2018-12-05 15 Posted by 3uTools

Apple-certified Lightning to USB-C cables should be available from select third-party accessory makers starting early next year. 


Apple-Certified Third-Party Lightning to USB-C Cables Expected Early Next Year


Last week, Apple informed members of its Made for iPhone or "MFi" licensing programthat Lightning to USB-C cables for charging and syncing are now permitted to be manufactured. These cables require a new Lightning connector with part number C94, which Made for iPhone program members can now order. 

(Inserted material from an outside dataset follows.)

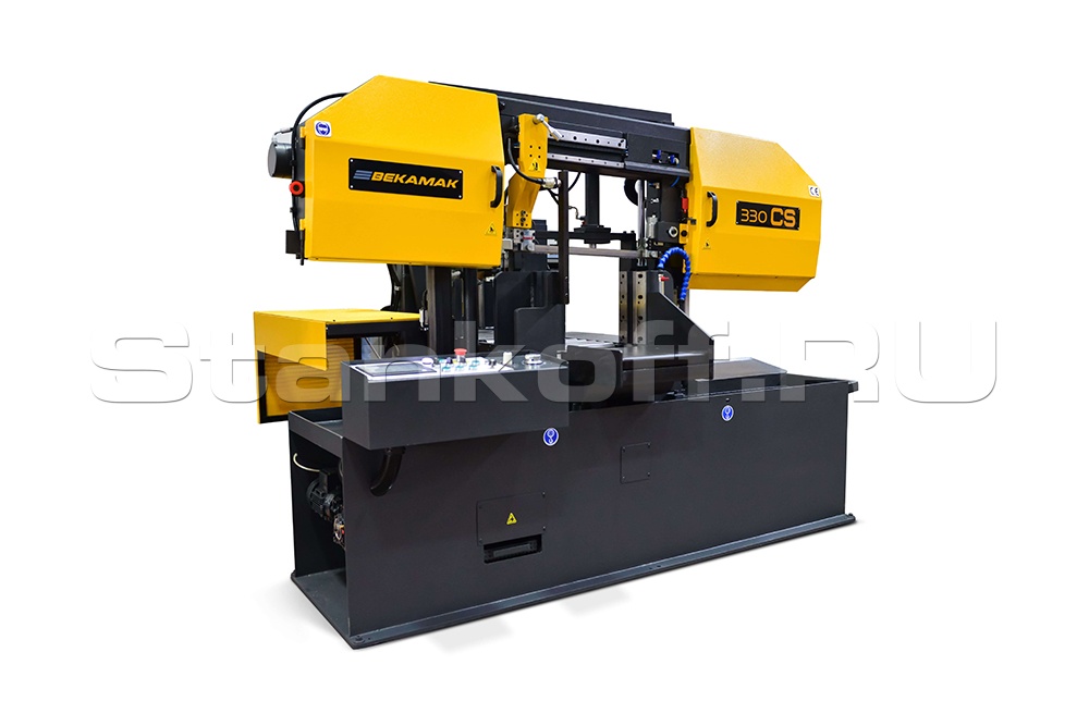Двухколонный автоматический ленточнопильный станок Beka-Mak BMSO-330CS NC предназначен для высокопроизводительной резки профилей, труб, прутков, поковок и пакетов заготовок. Станок оснащён двумя парами гидравлических тисков, вторые из которых подают заготовку на заданную длину до 700 мм за один перехват.
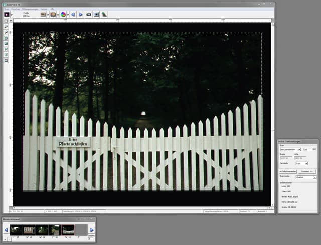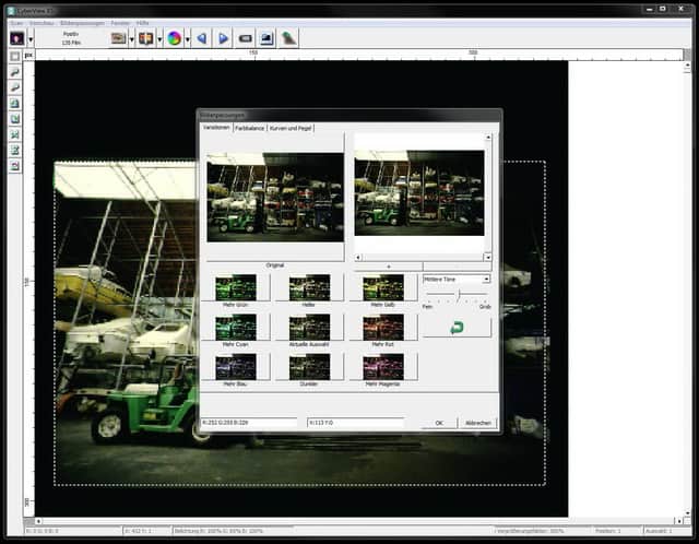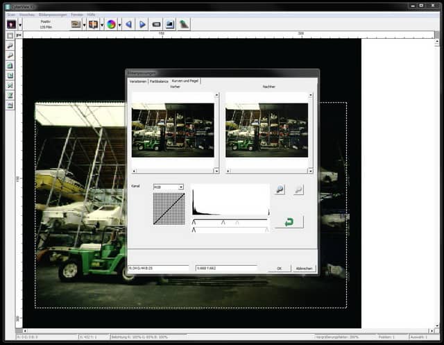 Wichtiger als ein bisschen mehr oder weniger Staub ist die Farbwiedergabe. Dabei fiel auf, dass der Scanner Bilder lieferte, die deutlich zu dunkel und zudem cyanstichig waren, als wir im Menü „Voreinstellungen“ die Funktionen „Auto Belichtung“ und „Auto Balance“ deaktivierten. Nachdem diese wieder eingeschaltet waren, kamen die Bilder mit sehr guten Helligkeits-, Kontrast und Farbwerten, die sich, wenn nötig, in der Scansoftware Cyber View X 5 in einem gewissen Umfang noch optimieren lassen.

Apple is selling the new Lightning connector to eligible hardware manufacturers for $2.88 per, and it is estimated to ship in six weeks, according to documentation shared with MacRumors by Hong Kong website 
ChargerLab

Apple-Certified Third-Party Lightning to USB-C Cables Expected Early Next Year


This means that third-party accessory makers enrolled in the Made for iPhone program, such as Anker, Aukey, Belkin, and Incipio, should have the part necessary to create MFi-certified Lightning to USB-C cables by mid-January and, allowing time for production, could be available to purchase by February or March

A Lightning to USB-C cable is required to fast charge the iPhone 8 and newer with an 18W-plus power adapter. Otherwise, the new C94 connector is expected to provide a maximum of 15W of power with a standard power adapter. 

Apple is currently the only retailer of certified Lightning to USB-C cables at a cost of 
$19 for the one-meter option and $35 for two-meters in the United States. The one-meter cable was originally $25, but it received a price cut in November 2016 alongside some of Apple's other USB-C adapters and cables. 

The biggest advantage to third-party Lightning to USB-C cables is that many will likely be significantly less expensive than Apple's own, while still meeting Apple performance standards under the Made for iPhone program. Many third-party options will likely have more durable designs too, such as a braided cable. 

Apple first informed its Made for iPhone program members about its 
plans to allow third-party Lightning to USB-C cables earlier this year.